The dimension monoval vs. polyvocal is about the question of who is in charge of the organization. This is not about who is formally in charge, but about which constructions of meaning coexist and how these constructions interact. Monovocal means that one set of reality constructions is dominant in an organization or part of it. There is only one voice, one all-determining vision. (…) Polyvocal is the exact opposite. Apparently there are many more voices than just the one dominant one. Many more meaning constructions and many more images about what is going on in the organization, what is important and what is not.' The voices influence the behavior of those who 'interpret' these voices (the organization as a polyphonic whole). Planned monovocal change management: Classic planned change process with an emphasis on planable change (content, the 'what' is central). The management comes up with a change plan and the voice of the management is dominant. Management's perceptions of reality are assumed to be 'true' and it is implicitly expected that the other members of the organization also agree with and adopt these definitions of reality. Participatory elements in the change process can occur, but are then an attempt to create support for the ideas of the top. Planned-polyvocal change management ('participative change' or 'infrastructures for learning'): change managers understand that their reality constructions are certainly not a perfect solution and space is explicitly made within the change process for the input of other perspectives (so that a broader and deeper insight is created) in the problems that give rise to the change and in the opportunities and threats involved in the change process). The input of knowledge and practical experience from the organization in the design of the change goals increases the substantive quality.
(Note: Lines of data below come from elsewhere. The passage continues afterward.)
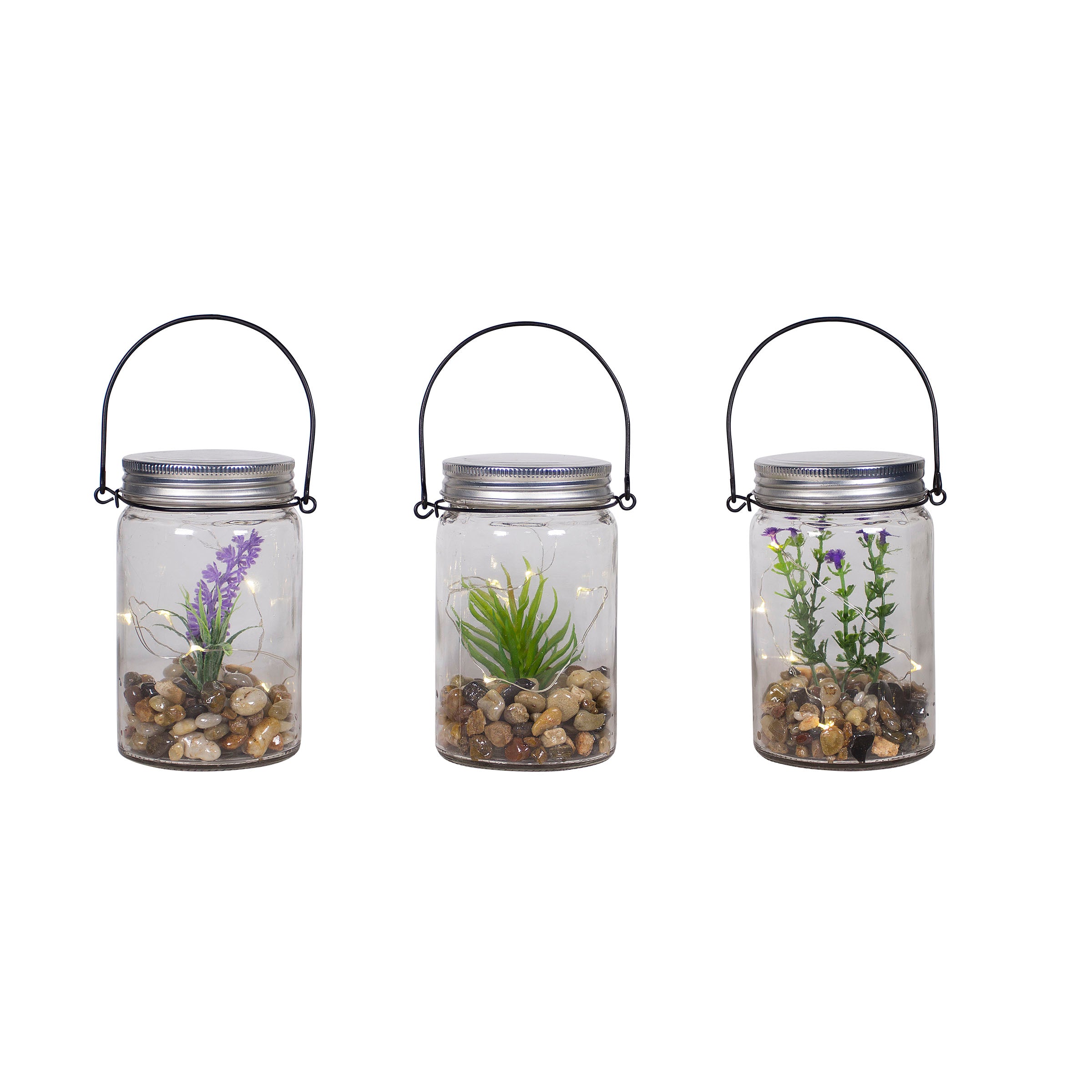 Hanging Succulent Jar LED Lantern - Assorted Tray Pack of 12
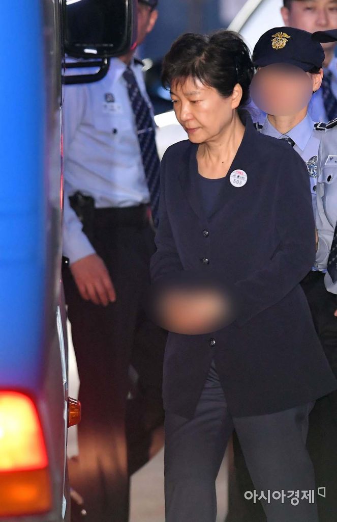 [아시아경제 백소아 기자] 삼성 등 대기업에서 총 592억원의 뇌물을 받거나 요구·약속한 혐의 등으로 구속기소 된 박근혜 전 대통령이 23일 오후 재판을 마친 후 구치소로 향하는 호송차에 오르고 있다.백소아 기자 sharp2046@asiae.co.kr<ⓒ세계를 보는 창 경제를 보는 눈, 아시아경제(www.asiae.co.kr) 무단전재 배포금지>
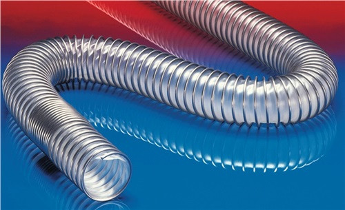 Lebensmittelschlauch und Pharmaschlauch, superleicht Anwendungen: · flexibler Schlauch für Gase und für abrasive Stäube, Pulver, Fasern · Lebensmittelindustrie, Pharmaindustrie: Lebensmittel, Pharmazeutika · Förderung von z.B. Reis, trockene Lebensmittel, Getreideprodukte, Zucker, Milchpulver, Pulver, Kaffee, Tee, Getreide, Mehl, gefrorene Lebensmittel · Mischer, Trockner, Verpackungsmaschine, Big-Bag Befüllung und Entleerung, Mühle · Faltenbalg, Kompensator Eigenschaften: Scheuerschutz durch äußeres Klemmprofil · zugfeste Verklemmung der Wandung im Klemmprofil · hochflexibel + stauchbar 5:1 · abriebfest · Wandung lebensmittelecht nach: EU-Verordnung 10/2011 und der neuesten Verordnung 2015/174, FDA 21 CFR 177.2600 · geruchs- und geschmacksfrei · mikroben- und hydrolysefest · gute Öl-, Benzin- und Chemikalienbeständigkeit · sehr gute Kälteflexibilität · RoHS konform Temperaturbereich: · -40°C bis 90°C · kurzzeitig bis 125°C
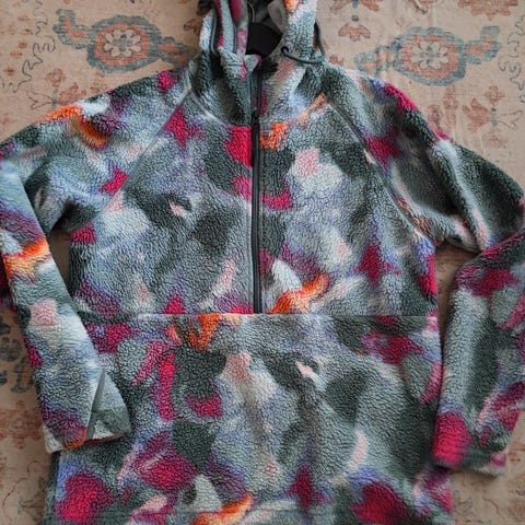 Iso huppari paksuhkoa lämmittävää fleeceä. Pituus 100cm. 2 etutaskua

Spontaneous polyvocal change management

The meaning given by the people themselves is the motor of the actual change (i.e. not the planned change). A change in perceptions of organizational reality is necessary for concrete changes to take place. How one looks at reality is the result of a social interaction process, in which spontaneously formed groups of people come to an agreement about what is going on (the real and the good). When you consider an organization as a collection of loosely fixed 'islands of meaning' (informal groups with which people identify themselves and whose members collectively and continuously construct their reality), there is not one uniform overarching organizational reality, but there are many different local realities. The way in which people view reality within their 'own' island of meaning determines what they do. “Because some members of such islands start experimenting with something, pick up an idea from outside the organization, or whatever, it can happen that within certain islands new visions arise on the work, the customer or the organization. When such a vision is adopted by the other members of the group, this can, for example, lead to a different organization of the work process or to a different attitude towards certain customers. Change therefore occurs locally.' Spontaneous monovocal: the local islands of meaning are not located in a vacuum, but can touch each other, creating opportunities for the development of new meanings. New cross connections and related meaning constructions can arise from spontaneous interaction between islands of meaning. At an organizational level, this may mean that at some points 'collective' meanings come to the surface that originate from a relatively limited group of islands of meaning. In this way, clusters of meaning can spontaneously grow from a collection of 'loose' local meanings, whereby the polyvocality 'densifies' to a certain degree of monovocality.